An embedded and charset-unspecified text was scrubbed... Name: not available URL: <https://stat.ethz.ch/pipermail/bioc-devel/attachments/20110823/89c9bfdc/attachment.pl>
[Bioc-devel] question on annotations and data.frames
4 messages · Heidi Dvinge, James W. MacDonald, Andreas Heider
Hi Andreas,
Dear mailing list, let's suggest I have a data.frame full of annotation data. In the first column I have Identifiers present in the data. In all other columns I have another annotaion for this identifier column. However, on some rows there is no 1:1 mapping but let's say a 1:3 mapping or something like this: ID Symbol 1 Bla 2 Foo 3 XYZ // xyz /// xyz01 4 abc I want to "stretch" the line which has multiple annotation tags.
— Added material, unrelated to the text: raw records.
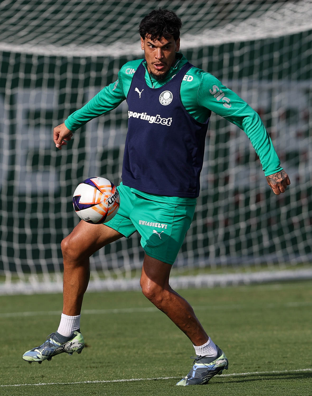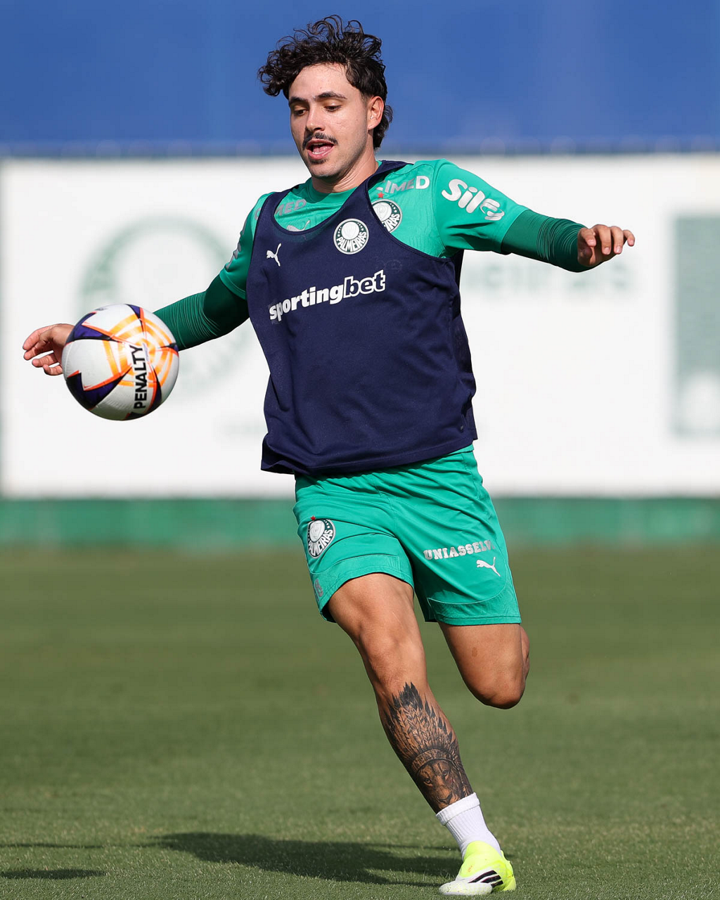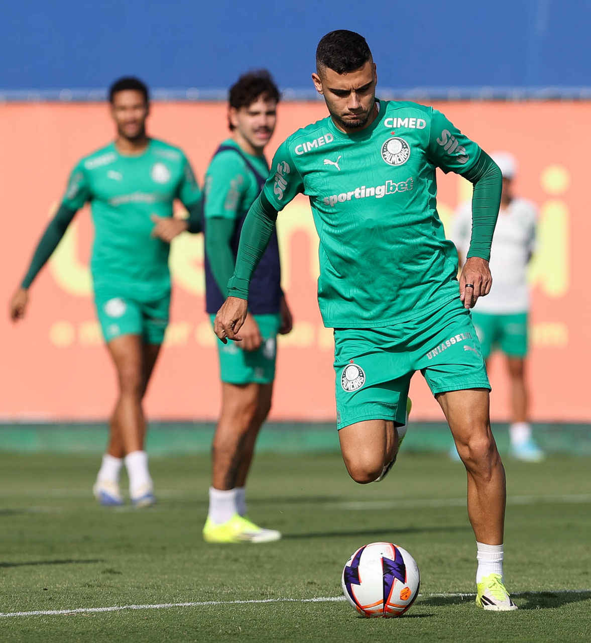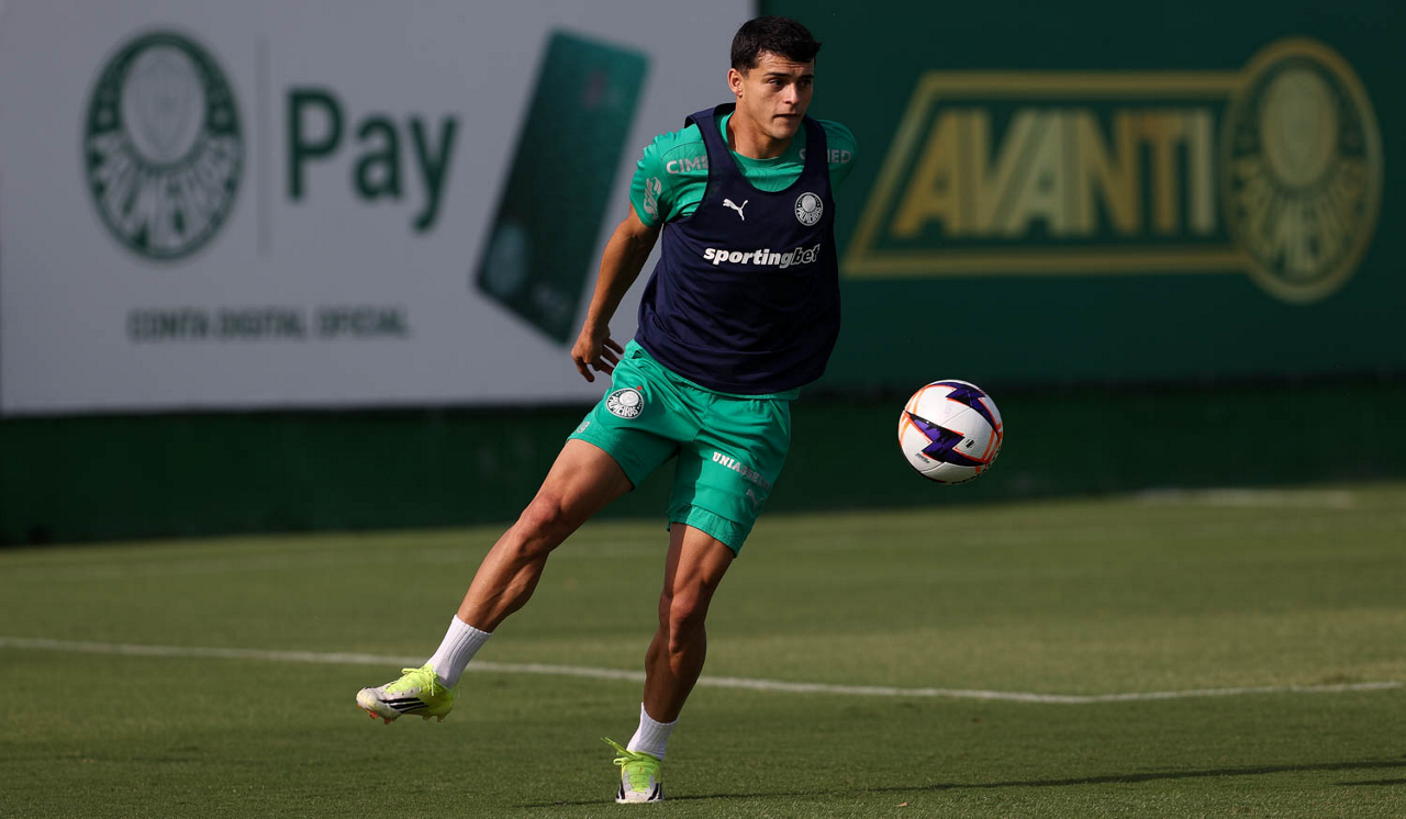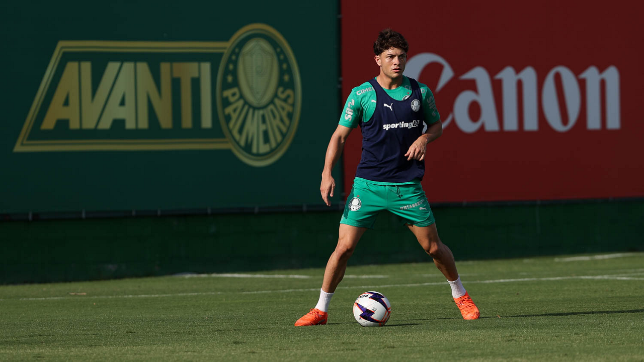 O jogador Vitor Roque, da SE Palmeiras, durante treinamento, na Academia de Futebol. (Foto: Cesar Greco/Palmeiras/by Canon)
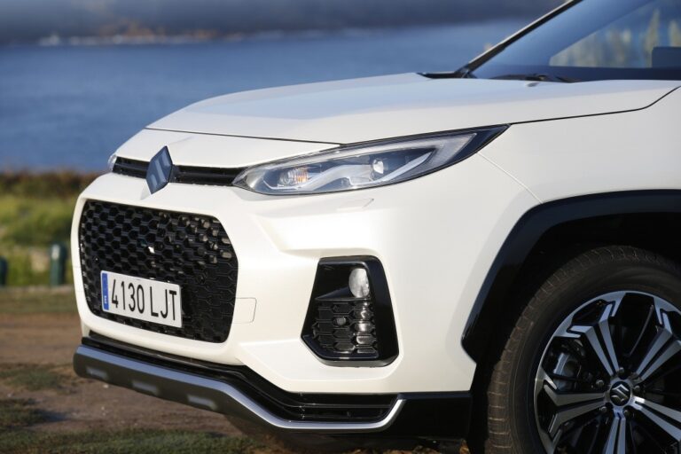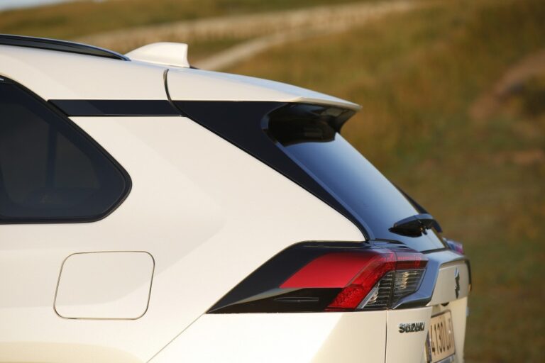 Odważny i sportowy design Suzuki Across budzi zaufanie z każdej perspektywy. Solidne, wielokątne motywy na nadwoziu formują wyrazistą sylwetkę, która jest dodatkowo podkreślona charakterystycznymi nadkolami SUV-a, dużą otwartą kratką oraz przednim zderzakiem z wyraźnym srebrnym akcentem, który uwydatnia wszechstronność pojazdu.
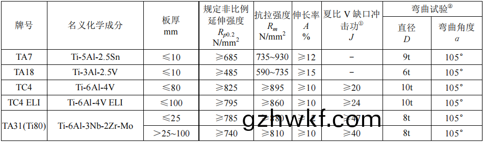 4)钛合金(jin)的力(li)学(xue)性能应满(man)足(zu)表(biao)二的规(gui)定(ding)。
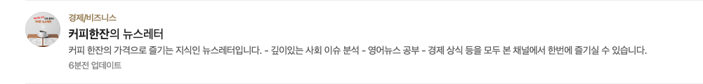 커피 한잔의 가격으로 즐기는 지식인 뉴스레터입니다. - 깊이있는 사회 이슈 분석 - 영어뉴스 공부 - 경제 상식 등을 모두 본 채널에서 한번에 즐기실 수 있습니다.
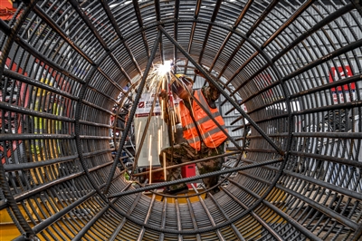 该段工程于2020年6月1日正式开工,年度计划完成施工产值2.16亿元,截至目前已累计完成年度施工计划的53.03%。图为在文临高速公路文昌段项目施工现场,工人正在焊接钢筋。
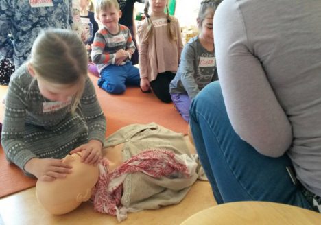 Am 28.03.2017 haben unsere Vorschulkinder lebensrettende Sofortmaßnahmen mit der Kursleiterin India Roth kennen gelernt und praktisch geübt. Inhalt des Kurses: – Lebensgefahr erkennen – Eine Chance geben „Atmung beschützen“ – Richtig Hilfe…
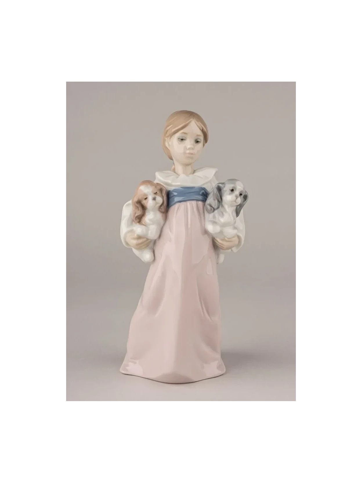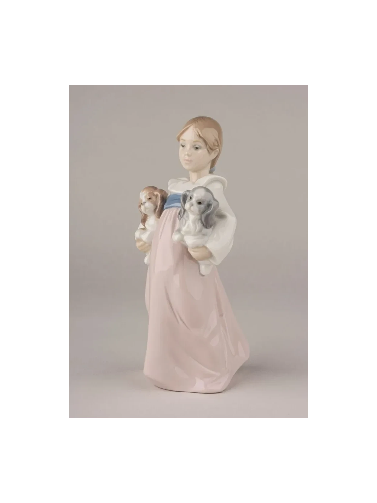 Scultura con Cuccioli in porcellana lucida firmata Lladró: dolcezza e grazia in un capolavoro artigianale dai delicati toni pastello.
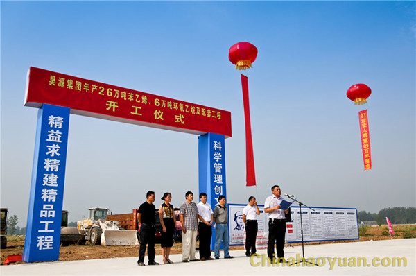 高明林在開工儀式上講話。他代表昊源集團(tuán)感謝阜陽市委、市政府及潁東區(qū)委、區(qū)政府對年產(chǎn)26萬噸苯乙烯和6萬噸環(huán)氧乙烷及配套項(xiàng)目的大力支持,從而保證了項(xiàng)目的快速推進(jìn)和及時(shí)開工。
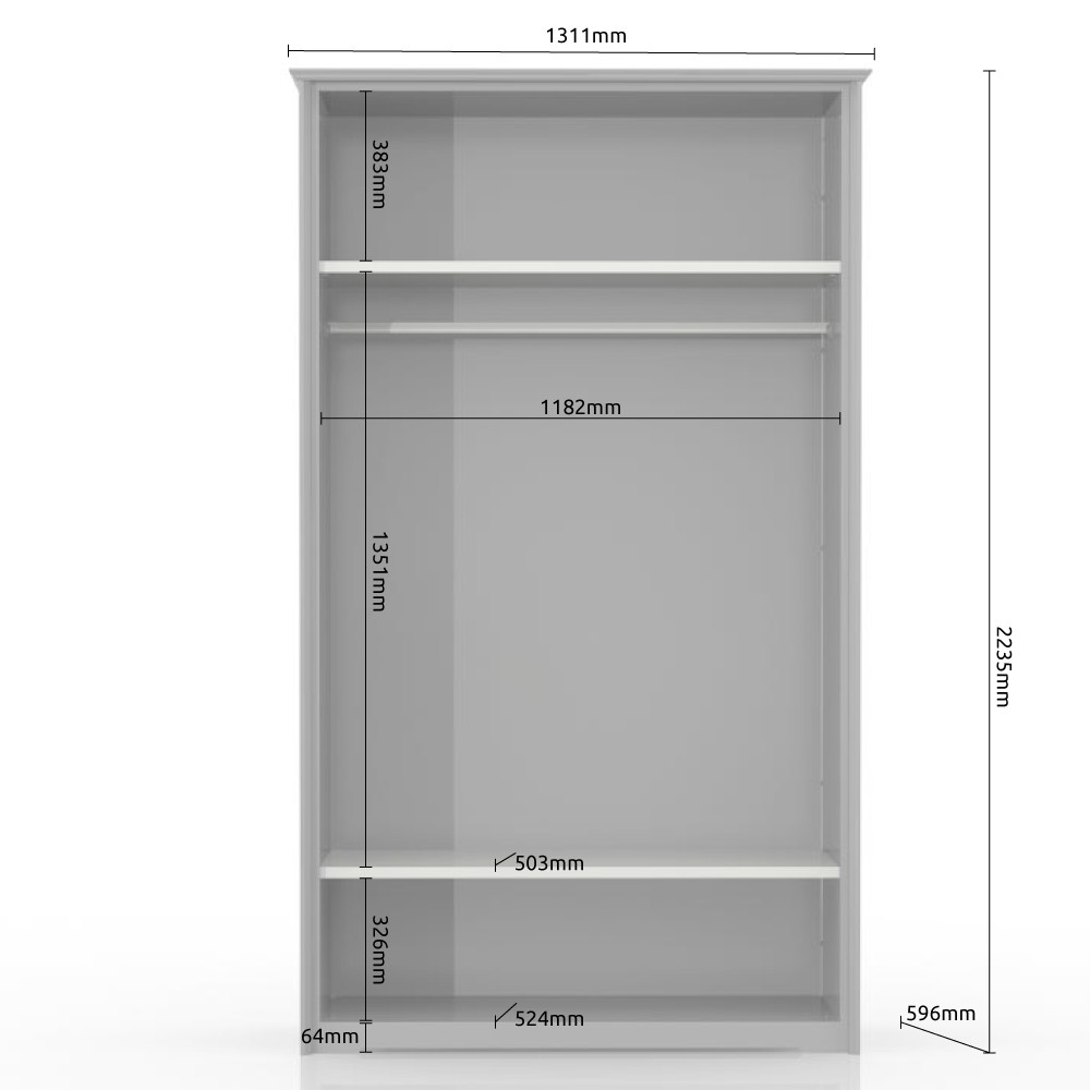 Dimenzije ormara su 131x224x58 cm (ŠxVxD).

I know I can split it with "strsplit", this get's me here: ID Symbol 1 Bla 2 Foo 3 "XYZ" "xyz" "xyz01" 4 abc But how can I get to this: ID Symbol 1 Bla 2 Foo 3 XYZ 3 xyz 3 xyz01 4 abc
This isn't particularly elegant, but might get you what you want:
test <- data.frame(A=c("x", "y", "z"), B=c("X", "Y1 // Y2 // Y3", "Z"),
stringsAsFactors=FALSE)
test.split <- strsplit(test$B, " // ", fixed=TRUE)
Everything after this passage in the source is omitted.